David Ramsay, president of University of Maryland, Baltimore, has done perhaps more than anyone to make Maryland a national leader in bioscience and biotechnology, an influential business group says.

“He has championed his researchers and encouraged them to commercialize their work. He has built a biopark and grown the research capacity of a top-level university,” Donald Fry, president of the Greater Baltimore Committee, said Tuesday at the GBC’s third annual Bioscience Awards ceremony.

Fry credited Ramsay with helping redevelop the West Baltimore area around the university’s downtown campus.

The university’s biopark has grown to 340,000 square feet of biotech research space in the past five years, representing $110 million in capital investment and contributing to the creation of 200 biotech jobs, Fry said.

Ramsay said he came to the university focused on teaching, but soon found himself thrust into business development when a professor sought to create a business based on research done in his university lab.

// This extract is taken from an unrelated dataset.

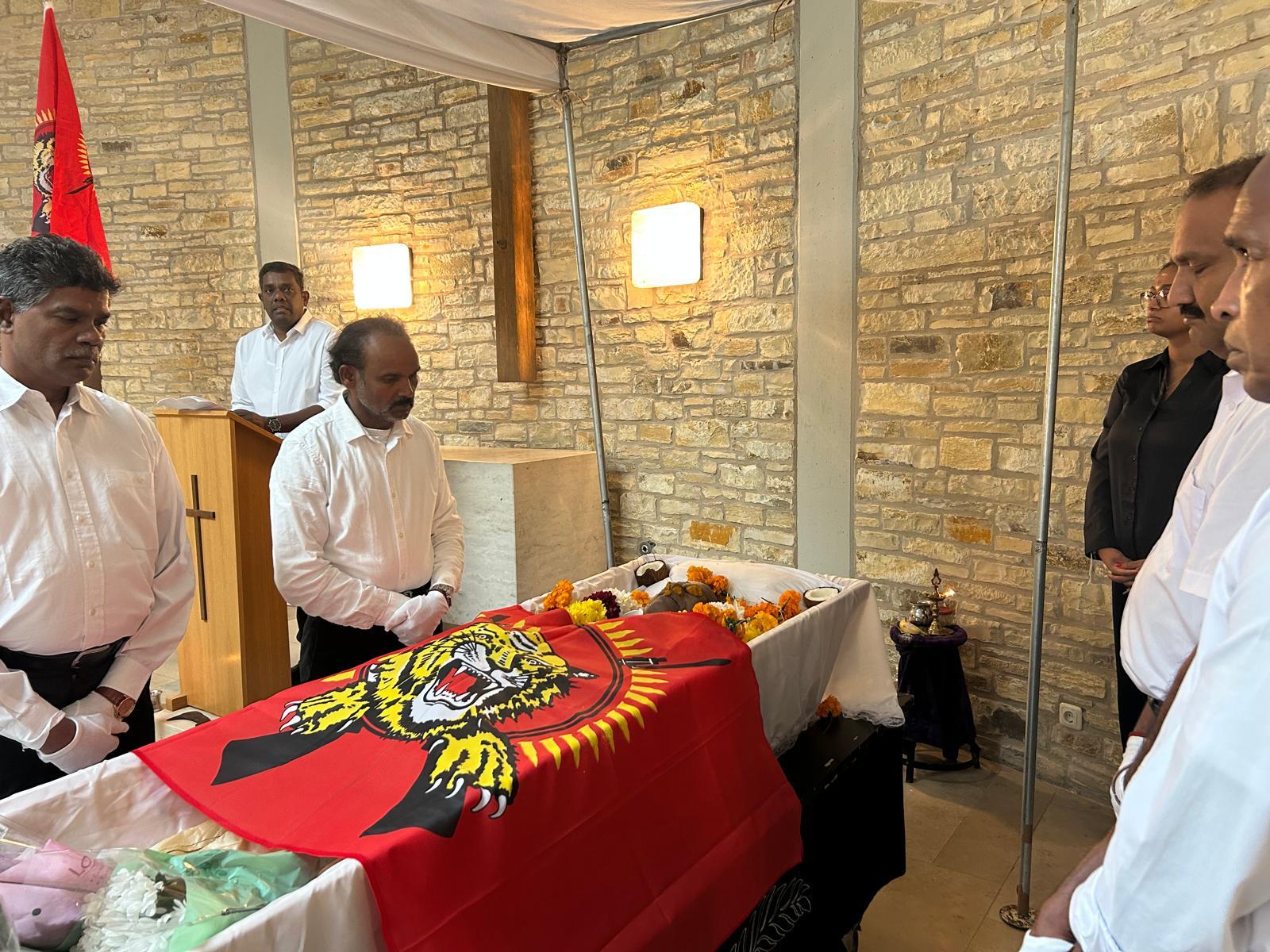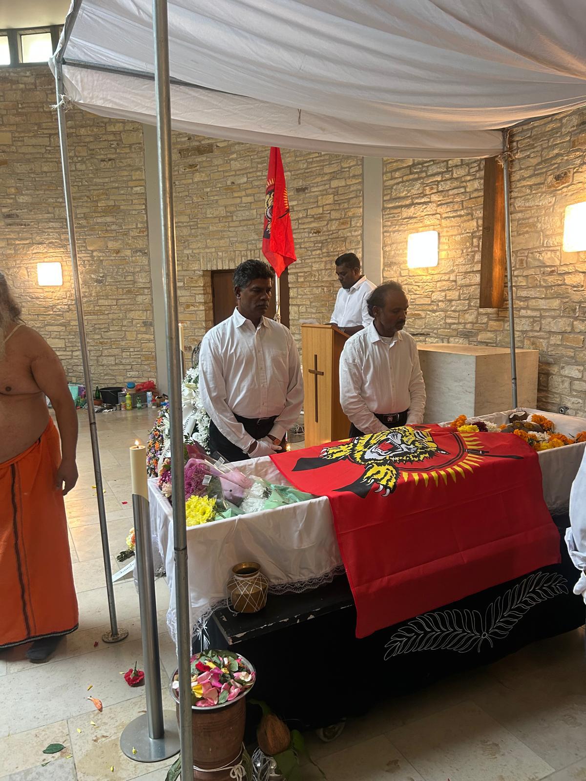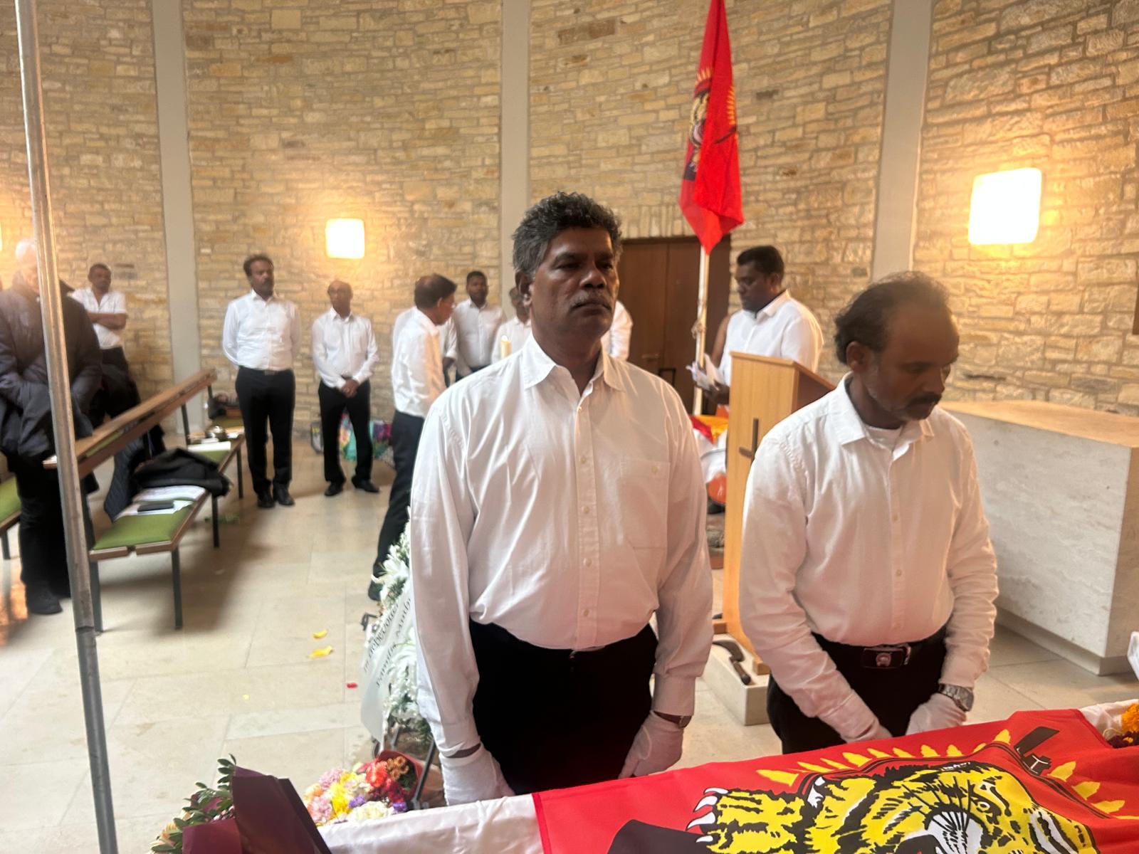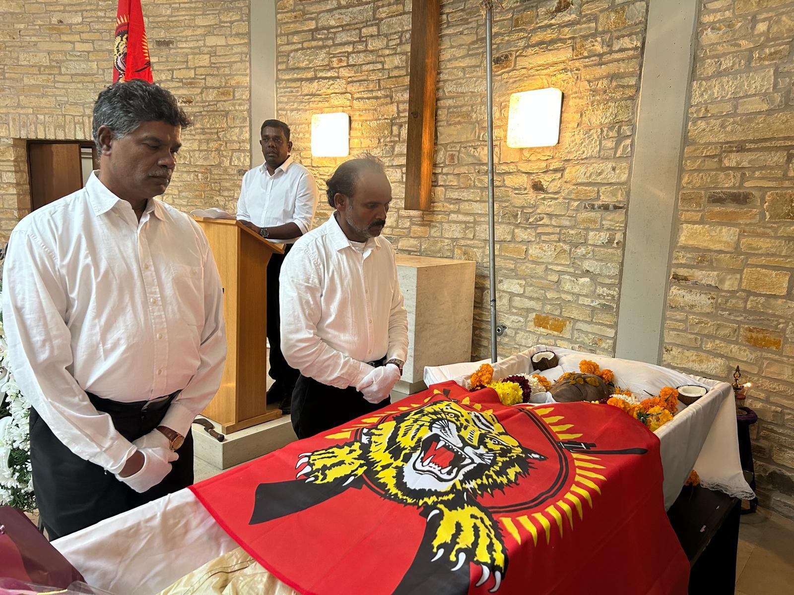 அவரது வித்துடல் வைக்கப்பட்ட மண்டபத்திலே ஈகைச்சுடரினை அவரது துணைவியார் ஏற்றிவைக்க, தமிழீழ தேசியக் கொடியினை யேர்மனிய தமிழர் ஒருங்கிணைப்புக் குழுவின் பொறுப்பாளர் ஏற்றி, அரைக்கம்பத்திலே பறக்க விடப்பட்டது. ஈகைச்சுடரினை நாட்டுப்பற்றாளரின் புதல்வன் ஏற்றிவைத்தார். செயற்பாட்டாளர்களால் கையேந்தி வரப்பட்ட தமிழீழ தேசியக் கொடி அவரது வித்துடல்மீது போர்த்தப்பட்டு அகவணக்கம் செலுத்தப்பட்டது.

“We didn’t have policies, we didn’t have procedures, we just did it,” Ramsay said.

Almost as soon as that partnership began, other professors looked for ways to capitalize on their research.

“I believed in those very early days that we could carve out relationships that would preserve academic life and promote enterprise and provide relationships that would keep it all together,” Ramsay said.

Since Ramsay became president, research spending at UMd.’s Baltimore schools increased fivefold, to $411 million last year.

In the past three years, the university has completed 64 licenses for commercial use of university-funded research with biotech and pharmaceutical companies in and outside Maryland.

This year, another 300,000 square feet will be added to the biopark, and 150 more jobs will be created as a result, the university said.

The GBC also presented these awards:

  • Best New Product or Progress Award: Timothy E. Askew, president and chief executive officer, CSA Medical Inc., which uses liquid nitrogen to freeze out throat cancer.
  • Entrepreneurship Award: Julie D. Suman, co-founder and president of Next Breth LLC, which develops inhaler and mist applications for new pharmaceuticals.
  • Leadership in Bioscience Award: Dr. Blake M. Paterson, CEO and co-founder of Alba Therapeutics Corp., which developed the first FDA-approved medication for celiac disease.